An Australian Energy Market Operator’s (AEMO) report predicts an increase in gas consumption in the next five years and a change to the eastern markets.
The AEMO’s second annual National Gas Forecasting Report (NGFR) predicts total gas consumption will more than double in the next five years before plateauing and remaining steady until 2035.
The report forecasts a transformation of eastern and south-eastern Australia’s interconnected gas markets from now until 2020, following the ramp-up of gas consumption to supply liquefied natural gas (LNG) exports.
At the forefront is LNG consumption, which is forecast to grow at an average annual rate of 32.5 per cent in the short term (to 2020) to supply LNG exports.
Total annual LNG consumption is forecast to increase from approximately 354 petajoules (PJ) in 2015 to 1,444 PJ by 2020.
APPEA Chief Executive, Malcolm Roberts, said the report highlighted the need for government policies that encouraged the development of new gas supply.
“Gas prices have increased in recent years for a number of reasons and this is having an impact on domestic demand,” Mr Roberts said.
“While the fall in the oil price will provide some relief to consumers in the short-term, it is vital that governments support policies that put downward pressure on gas prices by increasing supply.
Mr Roberts said that the market doesn’t deserve to needlessly suffer through policies that restrict gas development.
“The Victorian Government, in particular, needs to reconsider its current moratorium on onshore gas as it moves to develop a new gas supply strategy in 2016,” Mr Roberts said.
AEMO Managing Director and Chief Executive Officer, Matt Zema, said, “LNG export facilities in Queensland have brought international demand and international pricing to Australian gas markets,
“This is expected to more than double total gas consumption in eastern and south-eastern Australia over the next five years, compared to aggregated consumption in 2014 before the Queensland LNG projects began.”
Mr Zema said that other than LNG, the most significant change in gas consumption forecasts across the 20-year outlook period was in the gas-powered generation (GPG) sector.
“A short term decline is forecast in GPG consumption over the next five years, attributed to several factors,”
“It’s a response to an anticipated rise in wholesale gas prices; coupled with the pending expiration of existing gas supply contracts; the retirement of GPG plant Smithfield Energy Facility in New South Wales in 2018; and, a projected increase in renewable generation incentivised through the current renewable energy target,” Mr Zema said.
Mr Zema said that is we assume today’s market conditions and policy settings continue, the total annual GPG consumption is expected to increase to around 184 PJ by 2035, as industry invests in a range of generation sources to meet forecast electricity demand.
Consumption is also expected to increase in order to replace over 2,000 megawatts of announced coal-fired generation withdrawals from the National Electricity Market.

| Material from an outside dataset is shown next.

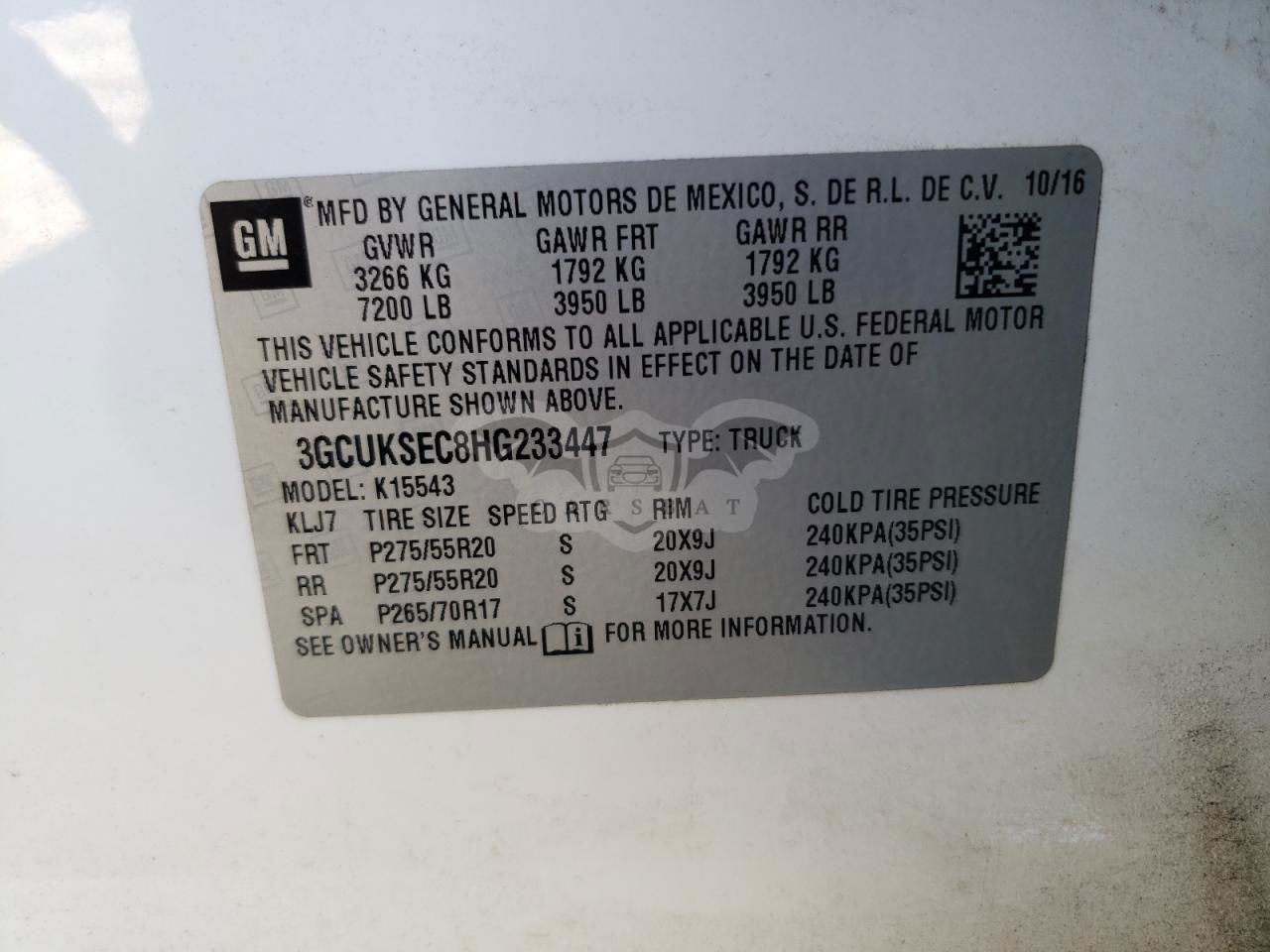 • VIN: 3GCUKSEC8HG233447

Mr Zema said the continued restructuring of Australian industry is likely to contribute to roughly a 30 PJ decline in industrial gas consumption over the short term.
“The 2015 NGFR identifies pockets of forecast growth in the food and services industries in particular. However this is offset by the forecast decline in total annual industrial gas consumption over the next five years, as industry restructures away from gas-intensive manufacturing,” Mr Zema said.
Mr Zema said new technologies and changing consumer behaviour were behind the flat forecasts for residential and commercial gas consumption over the next five years.
“Due to forecast improved energy efficiency of buildings and appliances, and switching from gas to electric appliances, we don’t anticipate much change in this sector in the short term, despite a forecast population growth of approximately 8 per cent,” Mr Zema said.